TASK TO COMPLETE =>
Each line of the data below should be restated exactly, with images left out.

RAW DATA =>

------

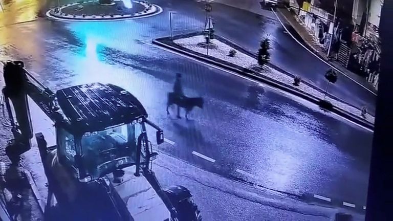 Na záběrech, které zprostředkovala agentura Reuters, je vidět, jak se muž dostal do prodejny s pomocí vysokozdvižného vozíku, jímž zvedl roletu před vstupními dveřmi. Uvnitř převrátil pult s vystaveným zbožím a začal ze země sbírat šperky. Následně nasedl na osla a na jeho hřbetě se nočními ulicemi města vydal pryč z místa činu.
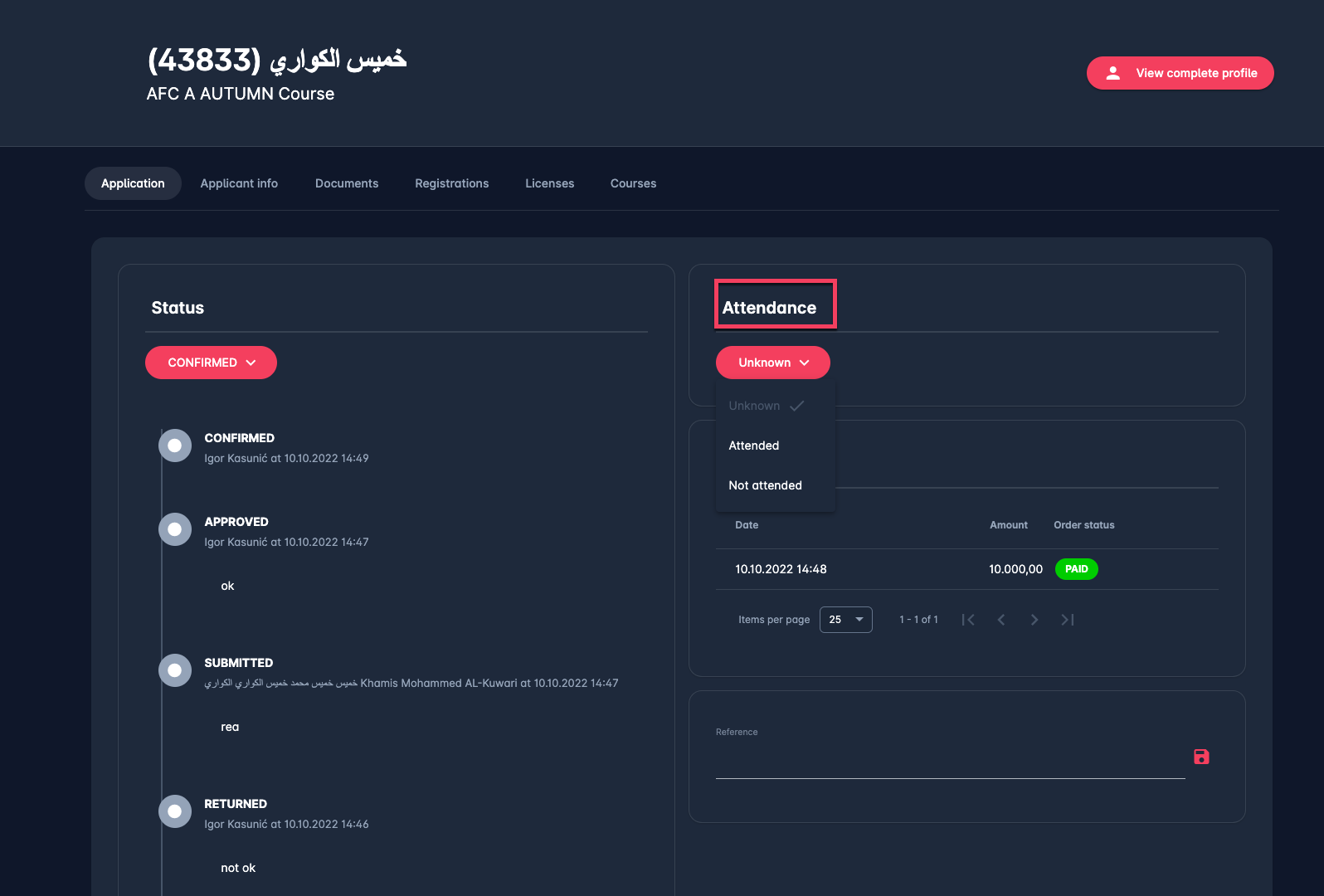 Please consider that the track attendance dropdown is displayed regardless of the participant's status on the seminar (all statuses: SUBMITTED, APPROVED, CONFIRMED, PASSED are shown).
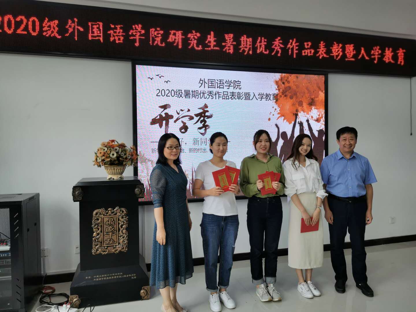首先,学院对暑期优秀读书报告和优秀作品评比活动中获奖的2020级研究生新生进行了表彰并颁奖,李曹菱等3位同学共有5部作品获奖。表彰活动结束后,导师代表国际教育学院副院长刘卫红和3003新葡官方网站党委副书记周全营代表学院对新生进行安全教育,同时对研究生的学习生活提出期望,尤其在疫情防控常态化等方面对研究生提出要求。研究生新生代表毛辛飞发言表示,作为人文社科类研究生,要有广阔的学科视野,在掌握好专业知识的同时,提升自我思维能力。随后,院长郭万群发表致辞,在探讨疫情考验、导师部署后,对研究生新生提出两点希望,一是学子作为研究者要树牢“四个意识”、“培养五个基本能力”;二是鼓励学子做知行合一的跨文化传播者。最后,学院党委书记姚晓鸣总结性发言,从思政角度提出三点希望,要求学子拥有使命担当、厚植专业基础、创新实践能力。(通讯员 吕文韬 曹露方)
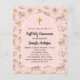An arch frame on a pattern of pampas grass and pink flowers and a golden cross. Personalise and add a name and details.

------

SOLUTION FOR THIS TASK =>
 Na záběrech, které zprostředkovala agentura Reuters, je vidět, jak se muž dostal do prodejny s pomocí vysokozdvižného vozíku, jímž zvedl roletu před vstupními dveřmi. Uvnitř převrátil pult s vystaveným zbožím a začal ze země sbírat šperky. Následně nasedl na osla a na jeho hřbetě se nočními ulicemi města vydal pryč z místa činu.
 Please consider that the track attendance dropdown is displayed regardless of the participant's status on the seminar (all statuses: SUBMITTED, APPROVED, CONFIRMED, PASSED are shown).
首先,学院对暑期优秀读书报告和优秀作品评比活动中获奖的2020级研究生新生进行了表彰并颁奖,李曹菱等3位同学共有5部作品获奖。表彰活动结束后,导师代表国际教育学院副院长刘卫红和3003新葡官方网站党委副书记周全营代表学院对新生进行安全教育,同时对研究生的学习生活提出期望,尤其在疫情防控常态化等方面对研究生提出要求。研究生新生代表毛辛飞发言表示,作为人文社科类研究生,要有广阔的学科视野,在掌握好专业知识的同时,提升自我思维能力。随后,院长郭万群发表致辞,在探讨疫情考验、导师部署后,对研究生新生提出两点希望,一是学子作为研究者要树牢“四个意识”、“培养五个基本能力”;二是鼓励学子做知行合一的跨文化传播者。最后,学院党委书记姚晓鸣总结性发言,从思政角度提出三点希望,要求学子拥有使命担当、厚植专业基础、创新实践能力。(通讯员 吕文韬 曹露方)
An arch frame on a pattern of pampas grass and pink flowers and a golden cross. Personalise and add a name and details.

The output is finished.